● **Exercise directions**: Beneath this line sits some data. Return only its lines from the one holding "lâmina 55 cm." through the one holding "The KMUA building", inclusive, exactly, with the images removed.

++++ Extracted data ++++

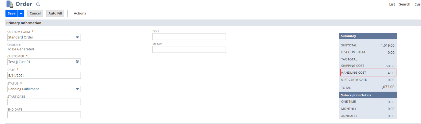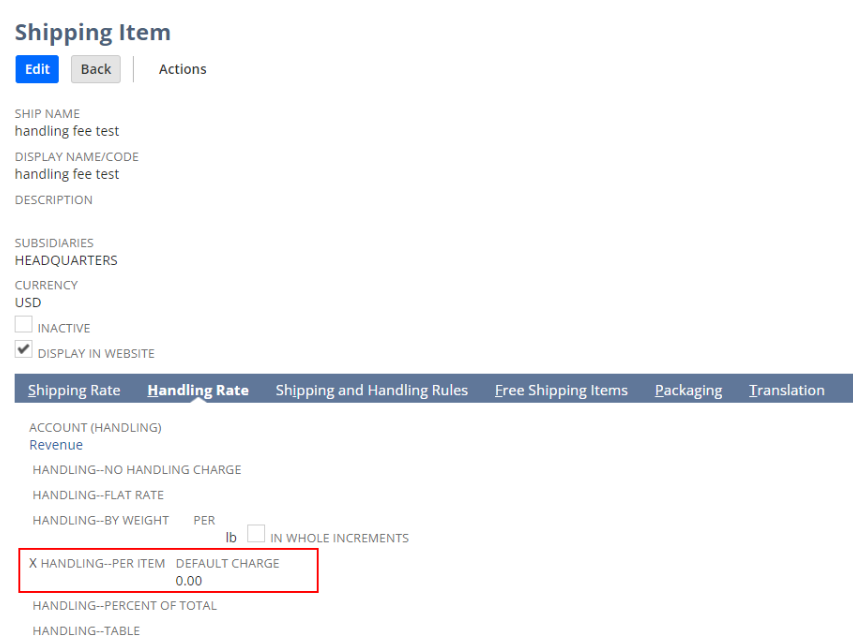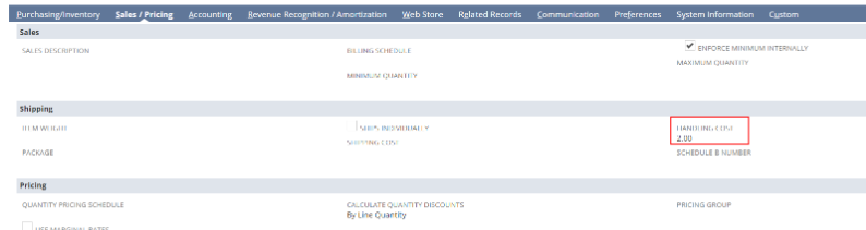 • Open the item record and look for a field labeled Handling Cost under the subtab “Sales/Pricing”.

++++
++++ Extracted data ++++

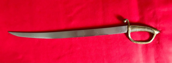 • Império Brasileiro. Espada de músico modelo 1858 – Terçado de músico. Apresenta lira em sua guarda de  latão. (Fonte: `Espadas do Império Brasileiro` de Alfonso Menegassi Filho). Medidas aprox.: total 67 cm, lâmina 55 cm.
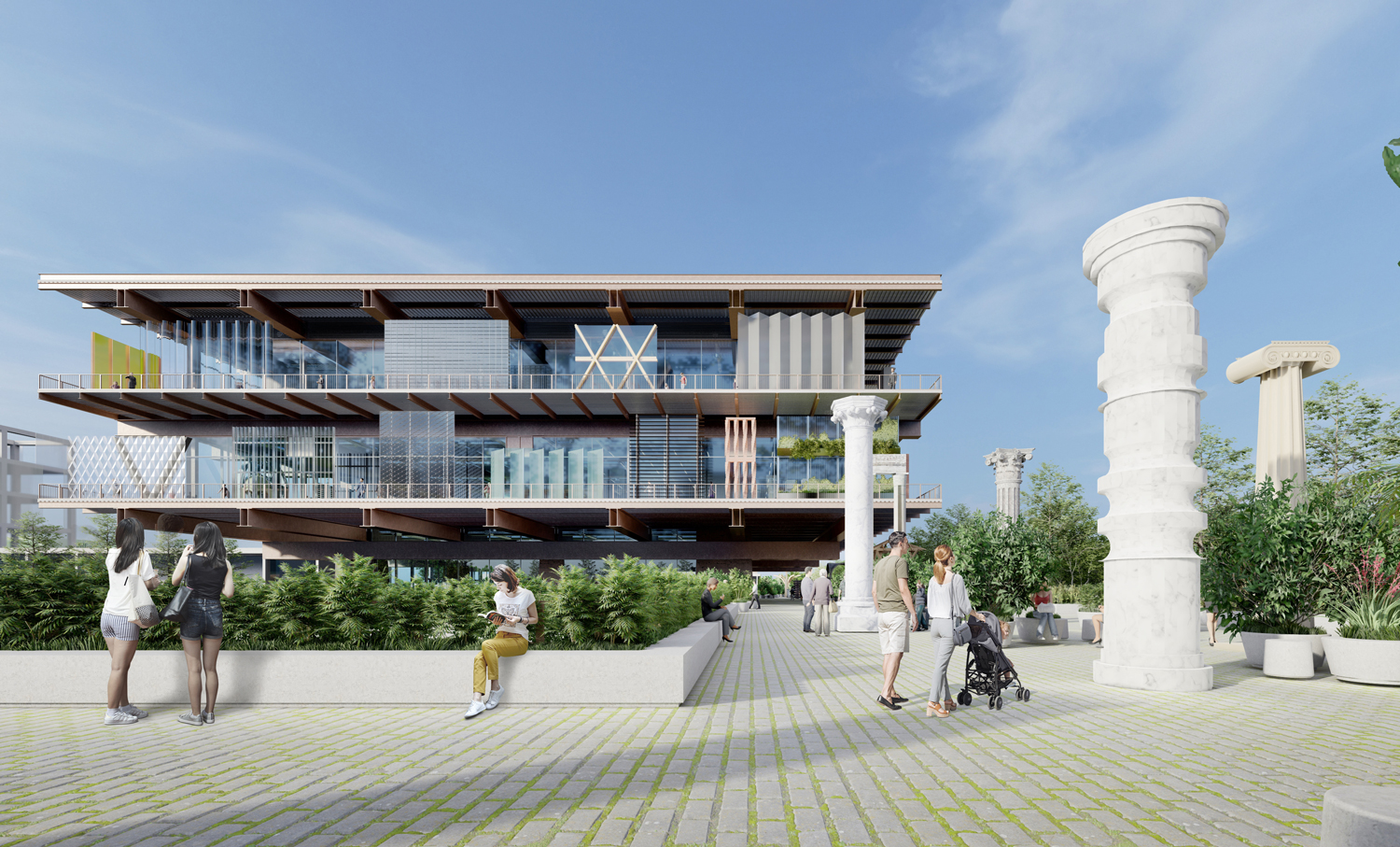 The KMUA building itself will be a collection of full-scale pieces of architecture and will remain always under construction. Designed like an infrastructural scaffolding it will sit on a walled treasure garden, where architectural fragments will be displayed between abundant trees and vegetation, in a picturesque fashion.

++++
++++ Extracted data ++++

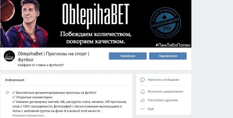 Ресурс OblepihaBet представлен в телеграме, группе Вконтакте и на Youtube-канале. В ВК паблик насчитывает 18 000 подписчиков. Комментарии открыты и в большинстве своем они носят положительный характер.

++++

● **Your solution**:
 • Império Brasileiro. Espada de músico modelo 1858 – Terçado de músico. Apresenta lira em sua guarda de  latão. (Fonte: `Espadas do Império Brasileiro` de Alfonso Menegassi Filho). Medidas aprox.: total 67 cm, lâmina 55 cm.
 The KMUA building itself will be a collection of full-scale pieces of architecture and will remain always under construction. Designed like an infrastructural scaffolding it will sit on a walled treasure garden, where architectural fragments will be displayed between abundant trees and vegetation, in a picturesque fashion.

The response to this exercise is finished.